His appointment is the latest change in Defra since Boris Johnson took over as Prime Minister last week, with Theresa Villiers having joined as Secretary of State, and Therese Coffey being promoted to Minister of State (see story). Robert Goodwill and David Rutley have left the Department.

Zac Goldsmith, speaking at a Conservative Environment Network event this month

Joining up work of the Defra and DfID, Mr Goldsmith said in a post on his twitter account that his role would focused on: “work across Defra & DfID to expand Protected Areas around our overseas territories, continue Britain’s leadership Vs the Illegal Wildlife Trade, make sure nature recovery is at the heart of UK Aid, & that we raise animal welfare standards at home.”


Mr Goldsmith, 44, is the Conservative MP for Richmond Park and North Kingston, and has been a long-time campaigner on environmental issues. He is a prominent member of the Conservative Environment Network, and formerly a member of the Environmental Audit Committee. Alongside this he has served as vice chair of the All-Party Parliamentary Group on the Prevention of Plastic Waste.

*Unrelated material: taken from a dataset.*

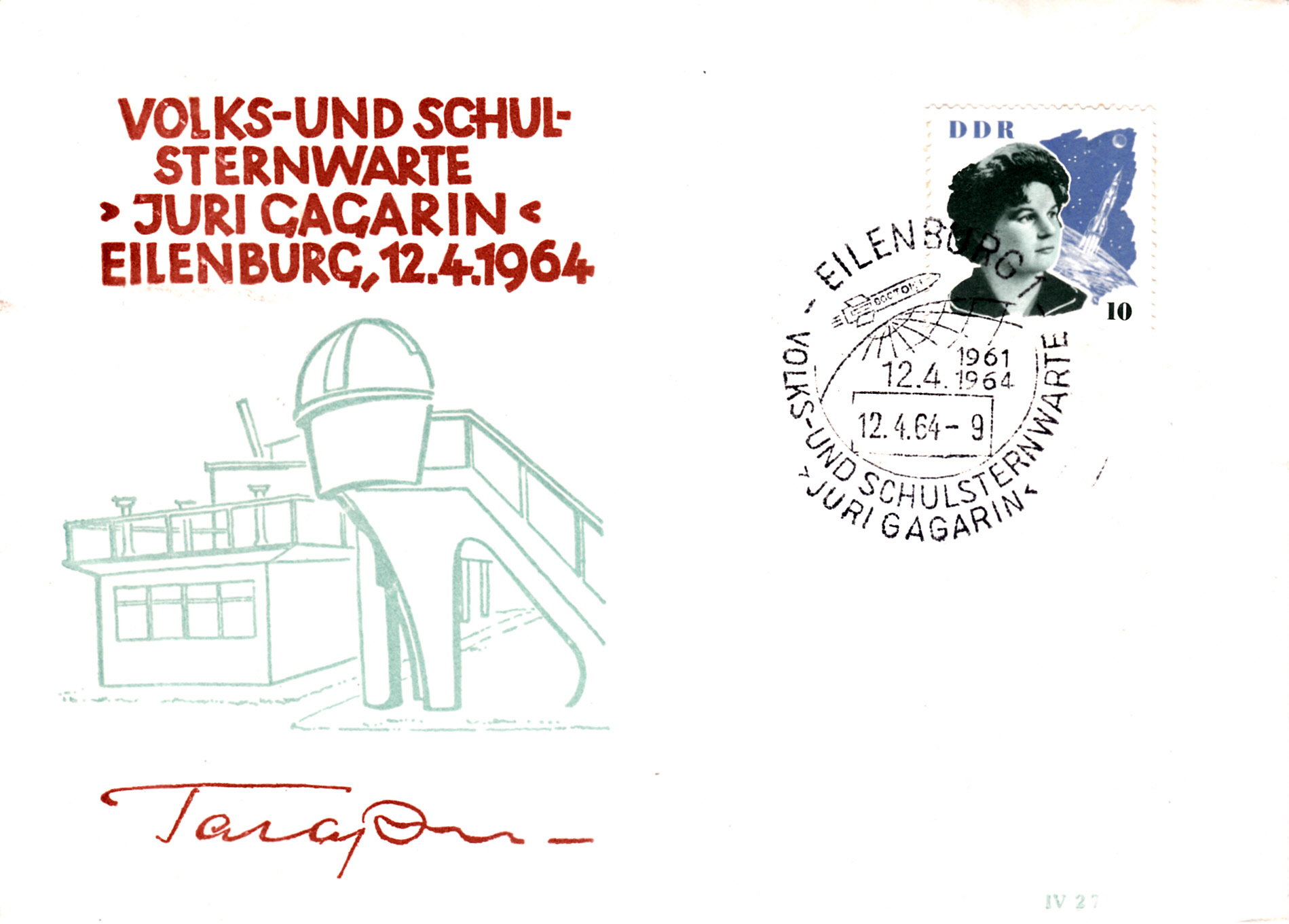 Sonderstempel aus Eilenburg vom 12.4.1964 zum 3. Jahrestag des Starts von Wostok 1.

An opponent of the Heathrow airport expansion, he stood down as a Conservative MP over the issue in late 2016, although was re-elected at the 2017 General Election. He has also campaigned in support of the introduction of a carrier bag charge during his time in Parliament and supported a motion calling for an end to the export of plastic waste for recycling early this year.


In a post on the issue of carrier bag charging on his website in 2013, Mr Goldsmith wrote: “The UK is shamefully wasteful. In fact we generate enough waste every two hours to fill the Albert Hall. At a time where pressure on the world’s resources has never been greater, we have to find a way to be more efficient.

“The first priority is reducing the amount of waste we generate in the first place, and the only way to do that is to make waste a liability. Companies will then operate in such a way that minimizes that liability.”

During his bid for the London mayoralty in 2016 he spoke in favour of harmonising collection systems in the capital, through the establishment of a ‘London Guarantee’, which would have seen local authorities sign up to a ‘common set of London-wide collection standards’.

First elected as Member of Parliament for his home seat of Richmond Park and North Kingston in 2010, he had previously worked for the California-based environmental economics thinktank Redefining Progress, and latterly as a researcher at the International Society for Ecology and Culture.

He was also the editor of the Ecologist magazine from 1998 to 2006, before being appointed by the then Conservative leader David Cameron to head the Party’s environmental policies unit.